= List of criminal organizations in comics =

The villainous or shadowy group and or organization is a long-standing trope in adventure fiction, from Professor Moriarty's band of villains, to the sinister Mole Men that bedeviled Superman in his 1951 television show. An incomplete list and history of the many criminal and terrorist organizations present in comic books is as follows:

==Dark Horse Comics==
===Individual Eleven===

The Individual Eleven (or Particularist Eleven) is a fictional terrorist group dealt with by Public Security Section 9 from the Ghost in the Shell manga series. The Individual Eleven's motive for terror is an essay also entitled "The Individual Eleven", which was, in reality, a fake essay implanted with a computer virus that infected everyone who read it. The virus itself does not cause the members of the Individual Eleven to commit their acts of terror, it is their own political views which cause them to do so. The virus only seems to make them unwilling martyrs.

===The Wallenquist Organization===
The Wallenquist Organization is a criminal organization in the fictional universe of Frank Miller's Sin City. It is led by Herr Wallenquist, a German-American (though the name is actually Swedish) mobster shrouded in mystery. The organization has a broad base of criminal enterprise to its name, including drug smuggling, assassination, organ harvesting and human smuggling for the purpose of illegal adoption and slavery, as well as having many city officials on their payroll at one time or the other.
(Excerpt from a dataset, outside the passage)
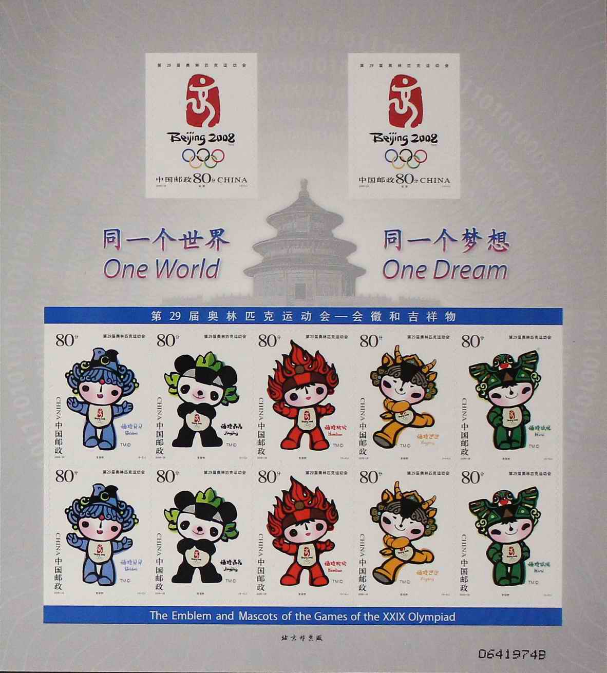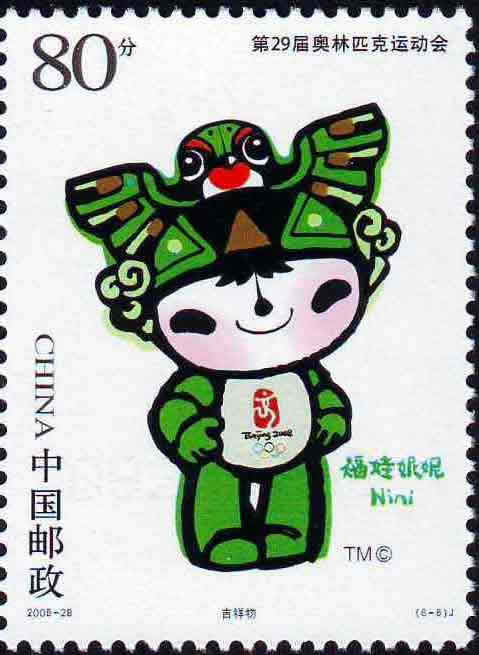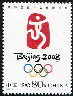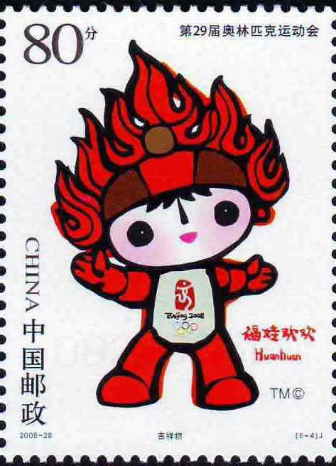 国家邮政局2005年11月12日发行《第29届奥林匹克运动会——会徽和吉祥物》纪念邮票1套6枚。

===The Magliozzi Crime Family===

The Magliozzi Crime Family control the Cosa Nostra in Sin City. Led by Don Giacco Magliozzi and based at the Magliozzi Mansion (located in Sacred Oaks), they were wiped out in Family Values.

==Shogakukan==
===Hwalbindang===

The Hwalbindang is a criminal organization featured in the Korean anime and manhwa series Shin Angyo Onshi. The Hwalbindang is a seven-member group of powerful martial arts specialists who began working as bandits, taking money from the rich so that they could provide help for the poor.
At some point their ideals become corrupted by a desire for vengeance harbored by their leader Hong Gildong. Despite being more powerful than him, half of the group died fighting Munsu, the Angyo Onshi (bearer of justice). The other half died fighting his sometimes ally Wonsul of the Formless Sword and Munsu's sworn enemy the mad sorcerer known as Aji Tae. With the exception of their leader Hong Gildong, the individual members of Hwalbindang are the most powerful in the Shin Angyo Onshi universe.

==VIZ Media ==
===Akatsuki===

The Akatsuki (meaning "Dawn" or "Daybreak") is a criminal organization featured in the Japanese anime and manga series Naruto. It is first introduced midway into the first part Naruto, and its members gain significance as the main antagonists during the second part Naruto Shippuuden. Despite being composed of only ten members, Akatsuki is arguably the most powerful organization in the Naruto universe. Each member of Akatsuki is an S-class criminal.